ClassFileTransformer does not apply to anonymous classes
John Rose
john.r.rose at oracle.com
Tue Jan 26 23:38:29 UTC 2016
VM anonymous classes are an implementation detail that is
opaque to system components except for the lowest layers of
the JDK runtime and the JVM itself. Transformers and other
instrumentation should not look inside them expecting to interpose
on their behavior. Ideally we should not make them visible at all,
but sometimes it helps (e.g., with single stepping through BCs).
VM anonymous classes may be (and are) replaced or interchanged
unpredictably with similar mechanisms, such as JNI-based
reflection, or indirect invocation via MemberName tokens.
You can't rely on any of this meaning what you think it means,
even if it appears to have a classfile structure. Even if you
were able to "transform" one of these classfiles, it wouldn't
necessary do what you think it should do, because its structure
is a private internal-only contract of the JDK and JVM.
And, as you probably have already noticed, the number and
structure of these VMAC classfiles change over time.

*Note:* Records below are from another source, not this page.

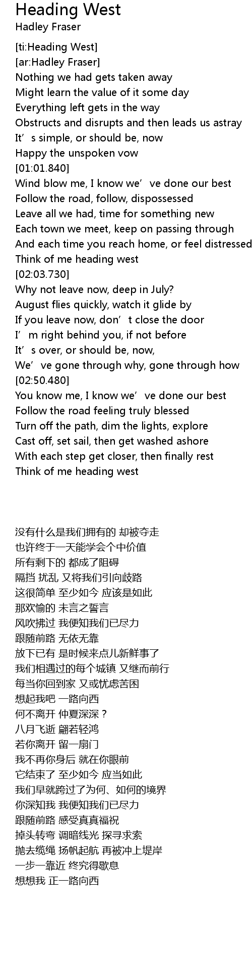 | [01:03.900] | Wind blow me, I know we’ve done our best |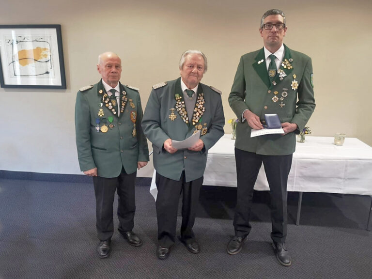Auszeichnung für verdiente Mitglieder: André Scherf (r.) erhielt die silberne Verdienstspange des RSB – Alex Breiden (m.) wurde mit der Sebastianus Nadel des DSB-Präsidenten für sein Lebenswerk geehrt.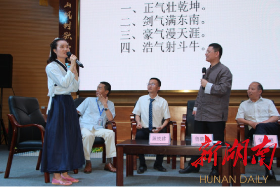 “沐校园之风”是活动的第一个环节。“体仁以长人,一片真情为化雨;守直而成栋,满山枫树欲参天”、“经文纬武同追梦,立志持身勤读书”, 校园里展示的三十多副木刻精品对联,读起来铿锵有致,看起来赏心悦目。赏联、诵联、评联、摩联……人们畅游在优秀楹联文化所营造的氛围中。这些对联是湖南第一师范学院对联基地联合省楹联家协会邀请省内知名专家精心撰制书写的,副副作品都堪称精品。接下来是“研联教之髓”,在湖南第一师范学院对联基地专家指导下,袁一婷老师带来学生们“着汉服,执古礼”,推出了一堂生动的楹联主题教育课《趣识对联》。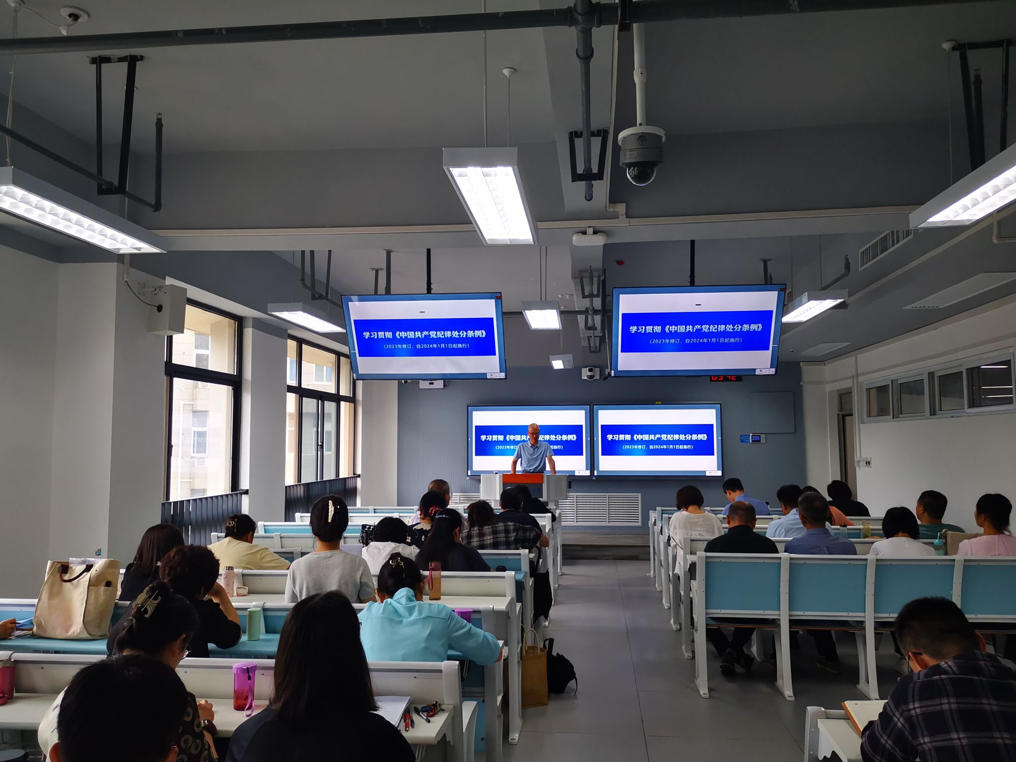 召开教工党员大会,开展党纪学习教育专题学习。会议由党委书记杨灏主持。

We may (at some point) replace the classes with some
completely different internal representation, which,
even if it is visible somehow to instrumentation, cannot
meaningfully be parsed and re-implemented.
Likewise, lambdas are translated into inner classes, but
this also can change at any time; the metafactory API
makes few or no promises as to the internal structure
of the invokedynamic binding. In fact, some JVMs use
special polymorphic nodes, instead of the standard
inner-class translation. Suddenly, some or all of these
classfiles may disappear, when the runtime begins to
optimize them differently.
Please don't lead your users to rely on them.
I second Vladimir's suggestion, that the only sane way
to interpose on lambdas is to transform the class that
defines the lambda (including perhaps the parameters
of the indy that create the lambda), and not dig into
system internals. System internals are nothing like
user code, and cannot be transformed like user code.